*** Opening AVAILABLE DATA ***

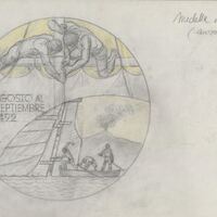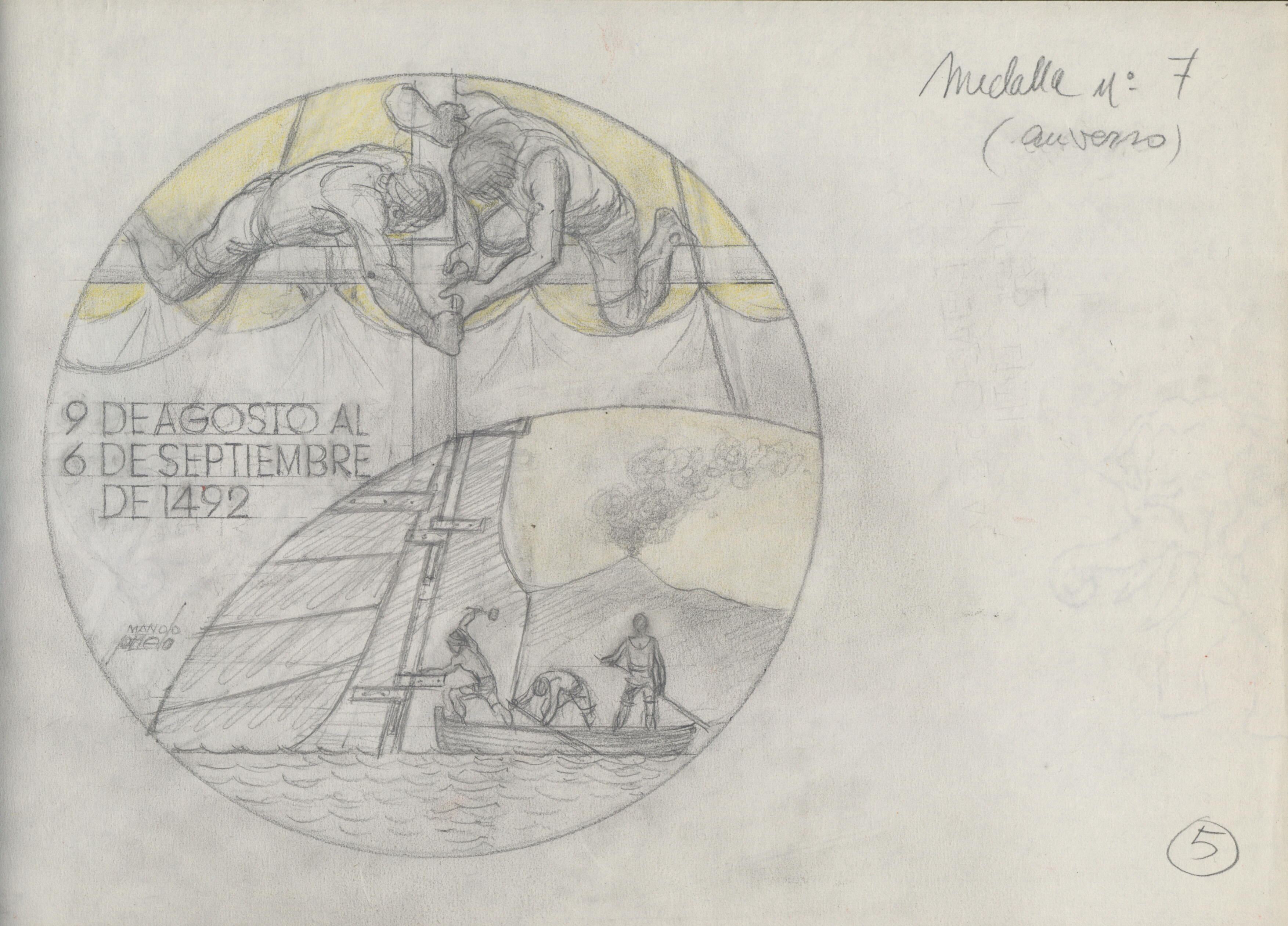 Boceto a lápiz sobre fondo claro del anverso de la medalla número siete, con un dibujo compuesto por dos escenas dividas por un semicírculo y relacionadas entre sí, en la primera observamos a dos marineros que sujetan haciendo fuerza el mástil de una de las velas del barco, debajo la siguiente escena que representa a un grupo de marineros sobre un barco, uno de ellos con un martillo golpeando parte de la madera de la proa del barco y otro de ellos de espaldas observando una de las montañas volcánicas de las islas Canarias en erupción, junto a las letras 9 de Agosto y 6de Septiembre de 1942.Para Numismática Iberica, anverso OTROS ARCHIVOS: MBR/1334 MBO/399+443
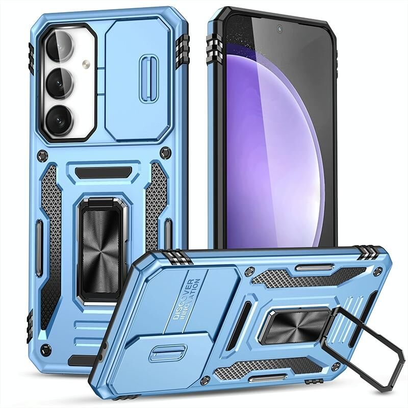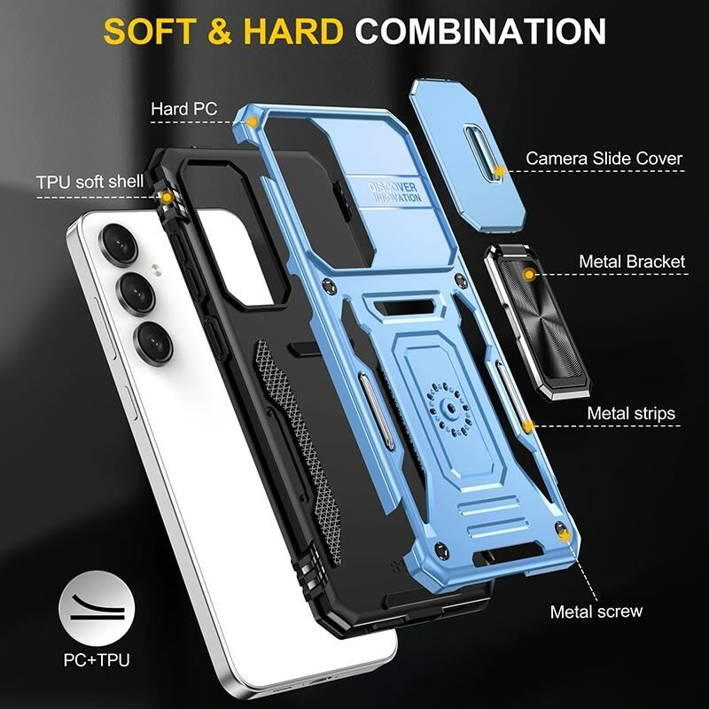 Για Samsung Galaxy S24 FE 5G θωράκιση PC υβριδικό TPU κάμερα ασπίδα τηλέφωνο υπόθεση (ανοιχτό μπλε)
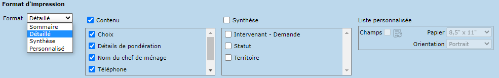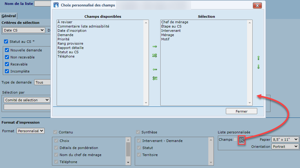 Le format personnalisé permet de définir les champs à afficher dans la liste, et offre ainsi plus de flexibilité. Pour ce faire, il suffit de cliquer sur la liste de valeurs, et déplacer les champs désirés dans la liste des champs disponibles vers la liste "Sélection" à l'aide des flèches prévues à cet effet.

*** Closing AVAILABLE DATA ***

• _HOW TO COMPLETE THIS TASK_:
Keep every word of the data as it is when you write it out, but drop the pictures.

• _YOUR RESPONSE_:
 Boceto a lápiz sobre fondo claro del anverso de la medalla número siete, con un dibujo compuesto por dos escenas dividas por un semicírculo y relacionadas entre sí, en la primera observamos a dos marineros que sujetan haciendo fuerza el mástil de una de las velas del barco, debajo la siguiente escena que representa a un grupo de marineros sobre un barco, uno de ellos con un martillo golpeando parte de la madera de la proa del barco y otro de ellos de espaldas observando una de las montañas volcánicas de las islas Canarias en erupción, junto a las letras 9 de Agosto y 6de Septiembre de 1942.Para Numismática Iberica, anverso OTROS ARCHIVOS: MBR/1334 MBO/399+443
 Για Samsung Galaxy S24 FE 5G θωράκιση PC υβριδικό TPU κάμερα ασπίδα τηλέφωνο υπόθεση (ανοιχτό μπλε)
 Le format personnalisé permet de définir les champs à afficher dans la liste, et offre ainsi plus de flexibilité. Pour ce faire, il suffit de cliquer sur la liste de valeurs, et déplacer les champs désirés dans la liste des champs disponibles vers la liste "Sélection" à l'aide des flèches prévues à cet effet.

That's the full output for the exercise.